Since we wanted to minimise the chance of changes making our user experience worse, we decided to go for over 98%. This way, only once in fifty times were we supposed to get random results.
We made various changes this way, e.g. decide whether or not to include a presentation of the site's functionality or not (we decided against it, as it lowered the signup rate), the order of the calls to action, etc etc. After a month or so of running A/B tests, we decided to test the A/B testing software itself, to verify that everything was actually correct.
To do this, we had two versions of the page that were exactly the same. This should produce no difference in signups, and thus no confidence in the result.
We left this test running for three days, and then came back to see the results. A few thousand visitors had entered the test, and the results were clear: The "changed" page had improved signups by a whole 30%, with 99.8% confidence!

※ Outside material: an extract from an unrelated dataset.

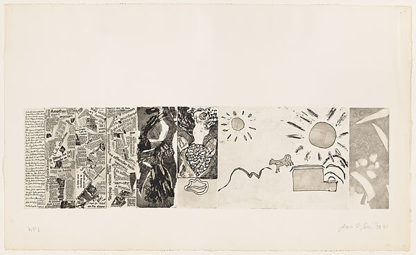 - Medium:Photo etching, soft-ground etching, sugar lift etching, and open bite (with some sections, at left, collaged) on Arches paper

This was an astounding result! We had effectively made visitors 30% more likely to sign up by doing nothing!
It doesn't make any sense, however, so we started checking everything. Whether the second page actually had a change we hadn't noticed, whether the software biased visitors toward a page, whether there was a bug in the calculation code, and came up with nothing.

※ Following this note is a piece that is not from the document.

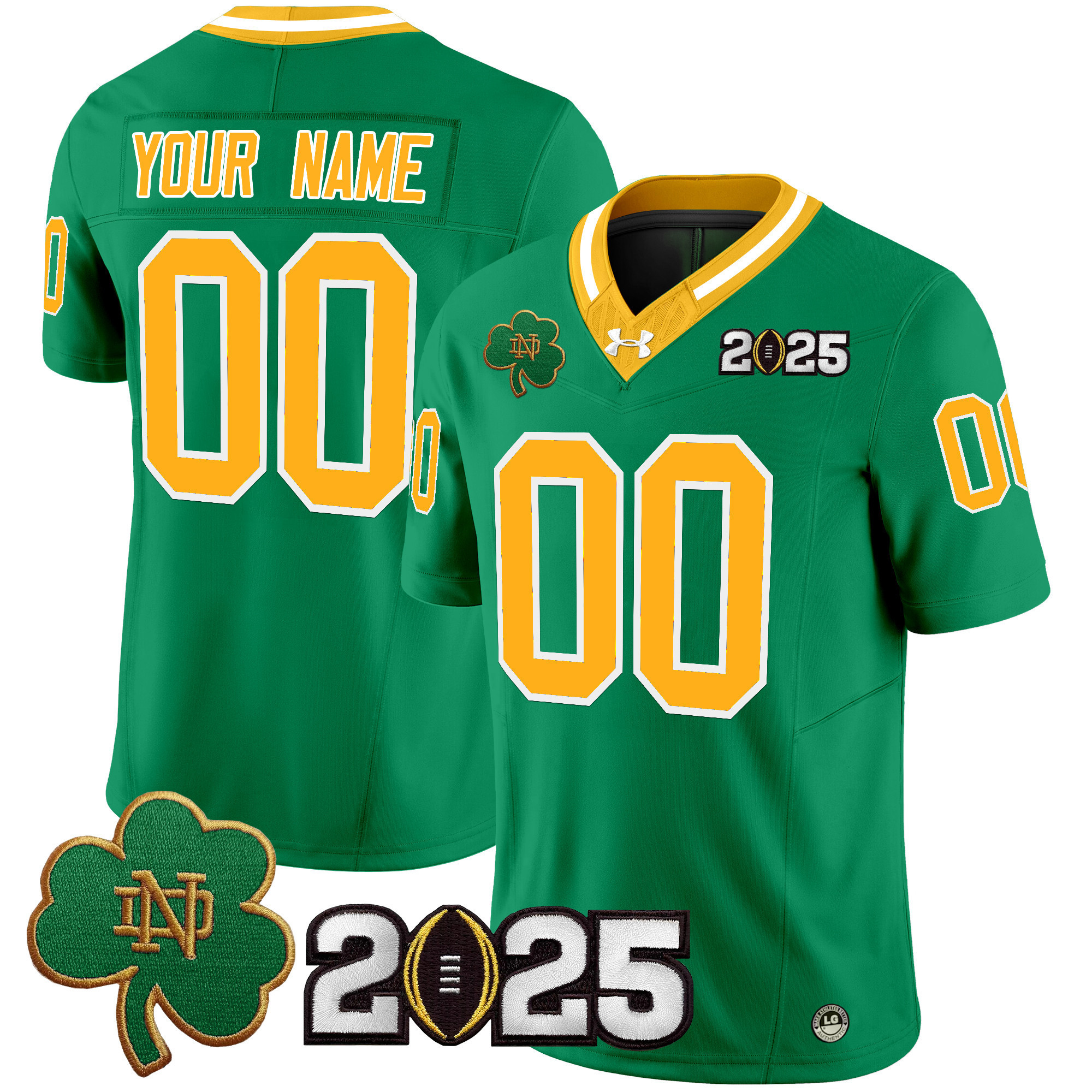 Men’s Notre Dame Fighting Irish 2025 CFP Final Patch Vapor Limited Custom Green Alternate Jersey – All Stitched

Everything was correct, yet, with 99.8% certainty, the variation was better than the original by a lot! Since there's no reasonable explanation for this, we decided to keep the test running and see if the trend continued.
Keep in mind that, with 99.8% confidence, we were well past our certainty threshold, and, were the two pages not the same, we would have definitely used the variation. Now, though, we didn't know what to think. Had our precious A/B testing methods been lying to us all along? Had we made some grave mistake? We searched high and low, asked on forums for a possible mistake we could have made, but nothing. Surely we hadn't fallen on the one-in-five-hundred case?

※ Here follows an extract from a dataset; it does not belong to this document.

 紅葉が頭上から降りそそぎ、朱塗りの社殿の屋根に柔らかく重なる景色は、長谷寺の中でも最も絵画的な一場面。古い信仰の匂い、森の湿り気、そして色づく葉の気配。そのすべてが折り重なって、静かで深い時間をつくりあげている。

Another three days of running the tests, rates had reverted much closer to 50%, and confidence was a meagre 10%. This, at least, let us heave a sigh of relief, secure in the knowledge that we hadn't just disproved the whole of statistics and mathematics.
How many decisions, though, did we make that were wrong? If 99.8% confidence wasn't enough, what about the changes we made based on 98% confidence?
The important lesson here, and the one you should take away from our experience, is this: Whenever you think you have enough data for the A/B test, get more! Sometimes, you will fall into that 0.1%, and your decision will be wrong, and might impact your metrics adversely, and you might never find out.
Generally, the less significant the change, the more data you are likely to need in order to gain a good degree of confidence. For small changes, you might get a confidence of over 95% at some point, but it would be wise to gather some more data, as that's only a one in twenty chance that the result is not statistically significant.
The good news is that, if the tests are independent of one another (i.e. the probability of a user being in test A is independent of the probability of the user being in test B), you can run multiple tests on the same page and still get good data. Of course, you might have biases in the actual test, e.g. the two tests might work very well together but very badly each on its own, which would skew the data. Generally, though, you should be able to run two tests at the same time. This is especially useful when you're starting out and don't have thousands of visitors each day, providing you with lots of data.
We hope we have given you more insight into what constitutes a good A/B test, so you can improve your process and not repeat our mistakes. Thanks for reading, and have fun!